Methods inherited from class java.lang.Object
clone, equals, finalize, getClass, hashCode, notify, notifyAll, toString, wait, wait, wait
 

Field Detail

serialVersionUID

static final long serialVersionUID
See Also:
Constant Field Values

classKey

protected final java.lang.String classKey
The classKey


substats

protected CrawlSubstats substats
Substats for all CrawlURIs in this group

Constructor Detail

WorkQueue

public WorkQueue(java.lang.String pClassKey)
Method Detail

deleteMatching

public long deleteMatching(WorkQueueFrontier frontier,
                           java.lang.String match)
Delete URIs matching the given pattern from this queue.

Parameters:
frontier -
match -
Returns:
count of deleted URIs

enqueue

public void enqueue(WorkQueueFrontier frontier,
                    CrawlURI curi)
Add the given CrawlURI, noting its addition in running count. (It should not already be present.)

Parameters:
frontier - Work queues manager.
curi - CrawlURI to insert.

peek

public CrawlURI peek(WorkQueueFrontier frontier)
Return the topmost queue item -- and remember it, such that even later higher-priority inserts don't change it.

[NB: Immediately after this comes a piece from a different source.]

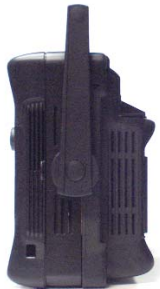
Mid Bay Adapter (MBA)

TODO: evaluate if this is really necessary

Parameters:
frontier - Work queues manager
Returns:
topmost queue item, or null

dequeue

public void dequeue(WorkQueueFrontier frontier)
Remove the peekItem from the queue and adjusts the count.

Parameters:
frontier - Work queues manager.

setSessionBalance

public void setSessionBalance(int balance)
Set the session 'activity budget balance' to the given value

Parameters:
balance - to use

getSessionBalance

public int getSessionBalance()
Return current session 'activity budget balance'

Returns:
session balance

setTotalBudget

public void setTotalBudget(long budget)
Set the total expenditure level allowable before queue is considered inherently 'over-budget'.

Parameters:
budget -

getTotalBudget

public long getTotalBudget()
Retrieve the total expenditure level allowed by this queue.

Returns:
the queues total budget

isOverBudget

public boolean isOverBudget()
Check whether queue has temporarily or permanently exceeded its budget.

Returns:
true if queue is over its set budget(s)

getTotalExpenditure

public long getTotalExpenditure()
Return the tally of all expenditures from this queue (dequeued items)

Returns:
total amount expended on this queue

getPendingExpenditure

public long getPendingExpenditure()
Return the tally of all URI costs currently inside this queue

Returns:
total amount expended on this queue

incrementSessionBalance

public int incrementSessionBalance(int amount)
Increase the internal running budget to be used before deactivating the queue

Parameters:
amount - amount to increment
Returns:
updated budget value

expend

public int expend(int amount)
Decrease the internal running budget by the given amount.

Parameters:
amount - tp decrement
Returns:
updated budget value

refund

public int refund(int amount)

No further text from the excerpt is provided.